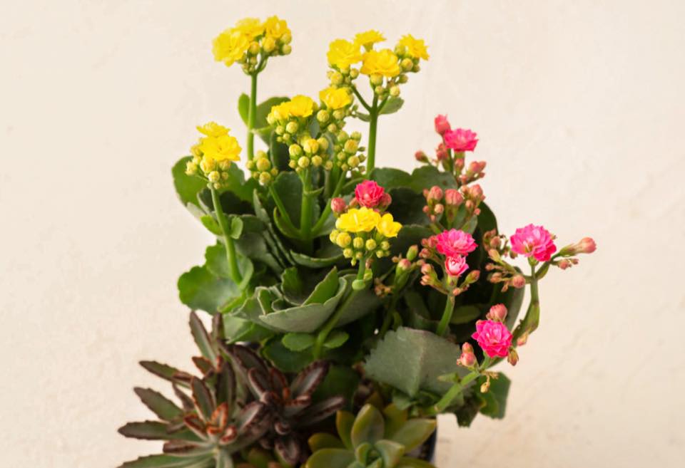 冬春季盛開的長壽花是景天科伽藍菜屬,葉形鋸齒狀、大而圓厚,一年四季常保翠綠,花瓣數量及型態多元,因會開出紅、粉、黃、橙或各色相間的花,而且從開花花期約 1 個月,年前做為裝飾,可盡情欣賞其植株變化至年後。
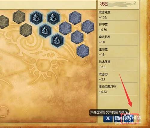 设置好符文之后,一定要注意保存,那么保存按钮在哪里呢?在 右下角,如图所示,我们点击 它保存。
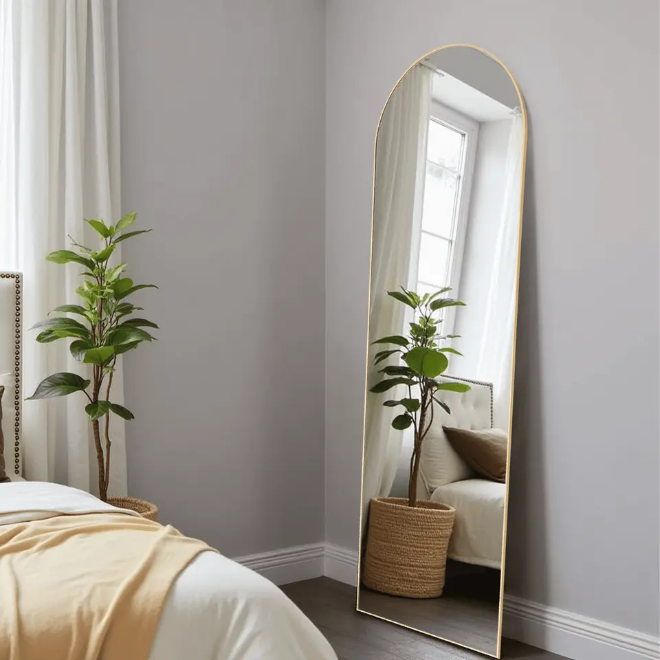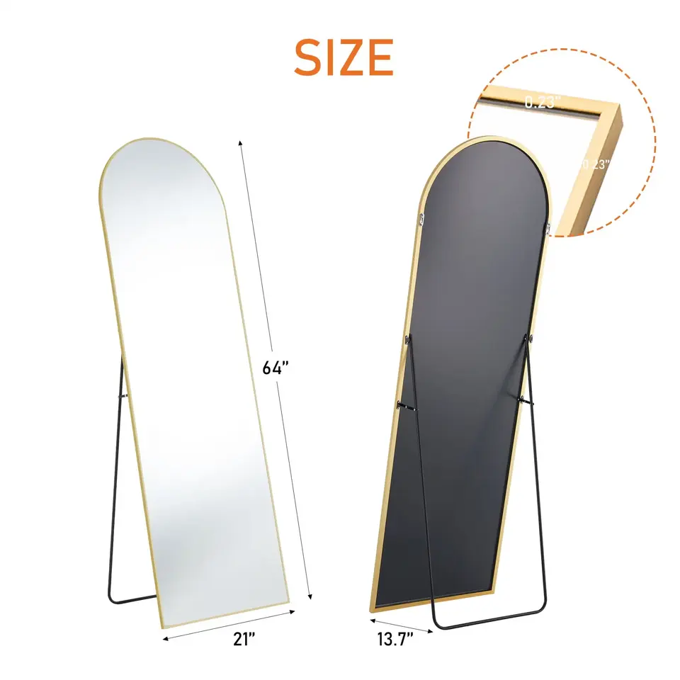 Modern Minimalist Full-Length Floor Mirror with Gold Aluminum Alloy Frame Standing Floor Mirror Full Body Mirror with Bracket
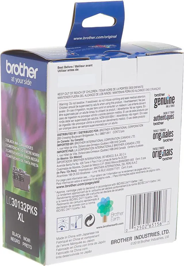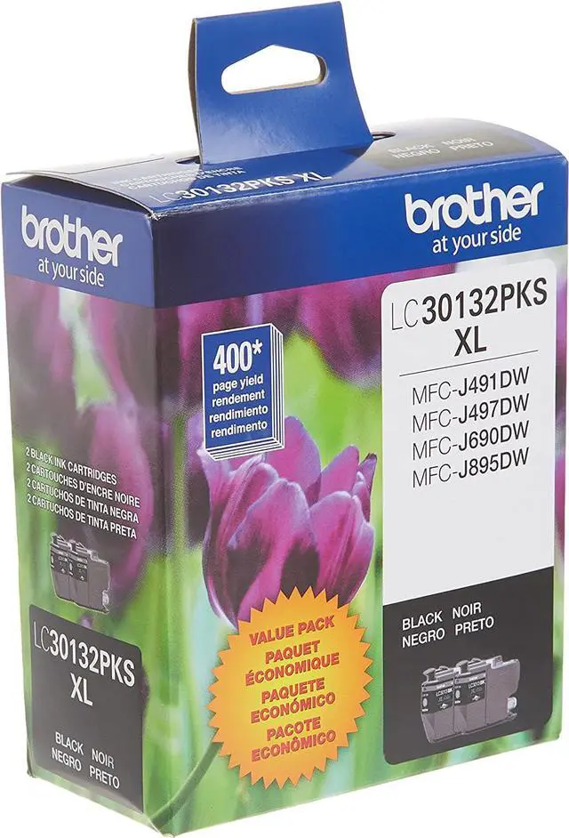 Brother Genuine LC-30132PKS 2-Pack High-yield Black Ink Cartridges deliver consistent, professional print quality with up to 400-page yield/cartridge(1).Brother Genuine ink is intelligently engineered to work seamlessly with your Brother inkjet printer to consistently produce sharp prints that withstand the test of time. Use only Brother Genuine ink cartridges for reliable results. Brother offers an environmentally responsible way for customers to dispose of Brother Genuine cartridges at end of life. Visit manufacturers website for more information. Brother Genuine LC30132PKS is for use with Brother Work Smart Series compact, affordable inkjet all-in-one printers: MFC-J491DW, MFC-J497DW, MFC-J690DW, MFC-J895DW.
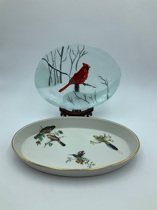 This lot includes 2 beautiful platters. The first is a Fused Glass plate featuring a winter cardinal signed A C Ross - handcrafted by Anne C Ross, an artist who worked on Cape Cod. The second is Pilivite French porcelain by Pilivuyt & Co, a 200 year old company. Both in excellent condition although the gold rim on the Pilivite has some scuffs.
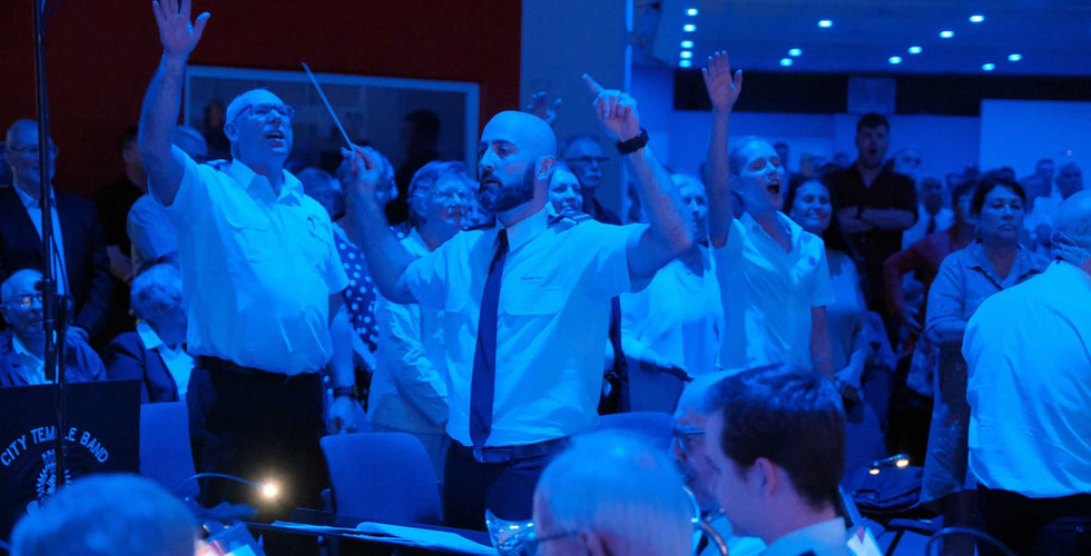 In a time of worship after the message, Salvationists from all generations, including a large group of young people, knelt at the mercy seat.
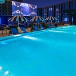 坐擁台中市天際線美景與泳池日落景致

^^^^^^^^

▶ _Problem to work on_
The last line of the entries marks the end, and the line with "In a time of" marks the start. Output exactly those two lines and every line between them, nothing else, with the pictures left out.

▶ _Solution_
 In a time of worship after the message, Salvationists from all generations, including a large group of young people, knelt at the mercy seat.
 坐擁台中市天際線美景與泳池日落景致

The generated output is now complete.